Nowadays, it is possible to expand the application of single-entity electrochemistry to a broad range of electrochemical measurements. It will certainly help to achieve improved understanding of the intrinsic properties of individual entities to dynamic electrochemical behaviors at the micro/nano interface. Owing to remarkable sensitivity, we anticipate that single entity electrochemistry is not only a unique tool for understanding fundamental electron transfer kinetics at the micro/nano interface where electrochemical reactions processes take place, but also a diverse and commercially successful tool to be used in practical applications.

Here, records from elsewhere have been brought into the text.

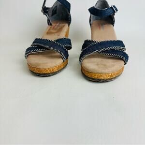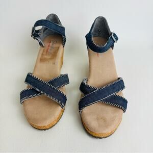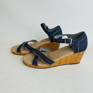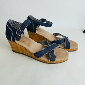 Skechers Memory Foam Womens Wedge Sandals Strap Buckle Denim Blue Size 9
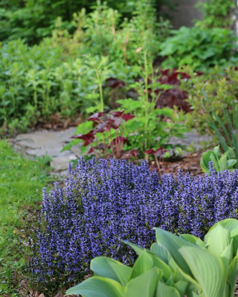 Ajuga, also known as bugleweed, is like a living carpet for your garden. Its dense growth and colorful foliage make it a strong weed suppressor.
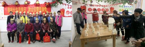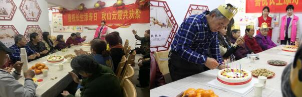 在趣味釣魚游戲的過程中,老人們都自始至終都在為自己的順利過關(guān)而滿足,為同伴成功而歡呼。即使在整個磨合過程結(jié)束之后,大家都很累,可每個人都興高采烈地議論著游戲中的事情,都感到回味無窮。歡樂時刻留在隨后一刻——慶生環(huán)節(jié)!主持人邀請壽星們來到臺上,志愿者為壽星們點上生日蠟燭,現(xiàn)場所有參與者為壽星們齊唱生日歌,切蛋糕。參加生日會的壽星說:“真的很開心,很感謝政府,為老人開展越來越多的活動。”

Significant advances have been made in high-sensitivity measurement of analytes at scales as small as a single molecule, nanoparticle, cell, and even single tissue. Despite ongoing efforts, the main challenges in single-entity electrochemistry include the transient nature and ultra-low amplitude of electrochemical signals from individual entities, the construction of an appropriate electrode interface, and the identification of well-defined electrochemical signals amid noise.
In this Research Topic, we welcome submissions of Original Research and Review articles on themes including, but not limited to:
• Single entity electrochemistry for the investigation of individual particles
• Novel insights in single molecule electrochemistry
• Highly sensitive electrochemical sensors for measuring single entities
• Advances in nanoelectrochemistry and nanoelectrode development
• Complementary use of Nano SECM/SECCM/SICM techniques
Topic editor Caleb Hill is the co-owner of Wyonics LLC, an R&D company focused on ionic liquid-based technologies. The other Topic Editors declare no competing interests.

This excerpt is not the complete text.